__Exercise__
Please copy, exactly as they appear below, the lines from the one containing "The Strathconon Exhibition" through the one containing "State Counsellor Daw".

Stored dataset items
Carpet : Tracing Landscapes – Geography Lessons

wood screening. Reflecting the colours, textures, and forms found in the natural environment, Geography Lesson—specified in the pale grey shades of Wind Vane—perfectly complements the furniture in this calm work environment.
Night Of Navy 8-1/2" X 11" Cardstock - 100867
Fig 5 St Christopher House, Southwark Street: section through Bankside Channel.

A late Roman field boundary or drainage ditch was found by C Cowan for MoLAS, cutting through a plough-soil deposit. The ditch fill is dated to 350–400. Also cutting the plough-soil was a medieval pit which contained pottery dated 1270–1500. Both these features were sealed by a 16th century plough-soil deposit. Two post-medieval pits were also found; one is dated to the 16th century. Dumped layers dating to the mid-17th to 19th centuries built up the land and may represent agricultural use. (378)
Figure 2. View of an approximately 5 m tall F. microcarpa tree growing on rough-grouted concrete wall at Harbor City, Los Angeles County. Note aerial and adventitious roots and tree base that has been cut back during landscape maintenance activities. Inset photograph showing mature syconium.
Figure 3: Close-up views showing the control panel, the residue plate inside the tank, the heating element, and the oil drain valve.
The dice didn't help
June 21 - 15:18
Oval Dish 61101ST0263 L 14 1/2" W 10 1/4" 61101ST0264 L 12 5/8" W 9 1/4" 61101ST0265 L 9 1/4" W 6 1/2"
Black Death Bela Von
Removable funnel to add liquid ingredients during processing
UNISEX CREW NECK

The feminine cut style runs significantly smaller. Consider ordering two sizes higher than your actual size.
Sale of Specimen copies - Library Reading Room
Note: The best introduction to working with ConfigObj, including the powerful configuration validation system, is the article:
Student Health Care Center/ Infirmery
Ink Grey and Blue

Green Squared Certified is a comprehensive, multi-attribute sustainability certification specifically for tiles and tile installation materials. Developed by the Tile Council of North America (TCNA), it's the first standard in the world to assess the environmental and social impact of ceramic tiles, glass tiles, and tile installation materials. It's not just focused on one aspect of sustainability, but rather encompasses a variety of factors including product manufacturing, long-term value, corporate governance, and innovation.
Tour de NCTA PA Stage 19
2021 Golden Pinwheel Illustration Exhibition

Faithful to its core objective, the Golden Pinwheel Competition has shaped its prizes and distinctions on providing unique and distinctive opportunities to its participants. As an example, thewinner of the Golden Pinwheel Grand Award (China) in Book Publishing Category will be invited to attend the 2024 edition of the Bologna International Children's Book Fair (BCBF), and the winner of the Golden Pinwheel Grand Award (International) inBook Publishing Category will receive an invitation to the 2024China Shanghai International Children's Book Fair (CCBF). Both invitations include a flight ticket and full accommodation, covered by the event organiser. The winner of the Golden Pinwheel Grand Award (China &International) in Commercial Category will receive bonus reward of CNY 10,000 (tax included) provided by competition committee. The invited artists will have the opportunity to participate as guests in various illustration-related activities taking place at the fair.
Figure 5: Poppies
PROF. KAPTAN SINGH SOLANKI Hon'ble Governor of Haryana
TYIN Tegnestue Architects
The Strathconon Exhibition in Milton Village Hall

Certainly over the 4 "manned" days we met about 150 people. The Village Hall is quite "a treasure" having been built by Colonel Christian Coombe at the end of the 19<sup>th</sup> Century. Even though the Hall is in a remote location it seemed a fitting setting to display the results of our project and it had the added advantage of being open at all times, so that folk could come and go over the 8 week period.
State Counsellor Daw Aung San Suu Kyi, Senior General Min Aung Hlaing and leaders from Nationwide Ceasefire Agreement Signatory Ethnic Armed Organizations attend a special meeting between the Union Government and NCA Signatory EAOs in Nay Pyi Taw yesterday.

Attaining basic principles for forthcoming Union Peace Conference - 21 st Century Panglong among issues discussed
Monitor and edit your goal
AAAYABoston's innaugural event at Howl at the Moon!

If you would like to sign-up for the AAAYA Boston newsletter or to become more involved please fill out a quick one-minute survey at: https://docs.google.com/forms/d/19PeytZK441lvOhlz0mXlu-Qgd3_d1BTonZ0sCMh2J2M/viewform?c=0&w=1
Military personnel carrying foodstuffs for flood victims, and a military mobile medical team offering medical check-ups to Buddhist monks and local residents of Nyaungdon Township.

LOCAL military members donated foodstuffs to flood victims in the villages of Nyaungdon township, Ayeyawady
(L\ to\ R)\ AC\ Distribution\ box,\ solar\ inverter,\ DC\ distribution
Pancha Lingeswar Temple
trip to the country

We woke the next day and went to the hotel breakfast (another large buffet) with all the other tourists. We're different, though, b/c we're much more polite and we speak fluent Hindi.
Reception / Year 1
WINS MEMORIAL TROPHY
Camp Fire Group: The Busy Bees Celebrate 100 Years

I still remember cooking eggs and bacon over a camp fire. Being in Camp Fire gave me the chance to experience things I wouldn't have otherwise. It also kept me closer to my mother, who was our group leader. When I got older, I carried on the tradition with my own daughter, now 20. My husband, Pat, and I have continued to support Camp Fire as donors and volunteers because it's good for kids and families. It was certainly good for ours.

__Result of this task__
The Strathconon Exhibition in Milton Village Hall

Certainly over the 4 "manned" days we met about 150 people. The Village Hall is quite "a treasure" having been built by Colonel Christian Coombe at the end of the 19<sup>th</sup> Century. Even though the Hall is in a remote location it seemed a fitting setting to display the results of our project and it had the added advantage of being open at all times, so that folk could come and go over the 8 week period.
State Counsellor Daw Aung San Suu Kyi, Senior General Min Aung Hlaing and leaders from Nationwide Ceasefire Agreement Signatory Ethnic Armed Organizations attend a special meeting between the Union Government and NCA Signatory EAOs in Nay Pyi Taw yesterday.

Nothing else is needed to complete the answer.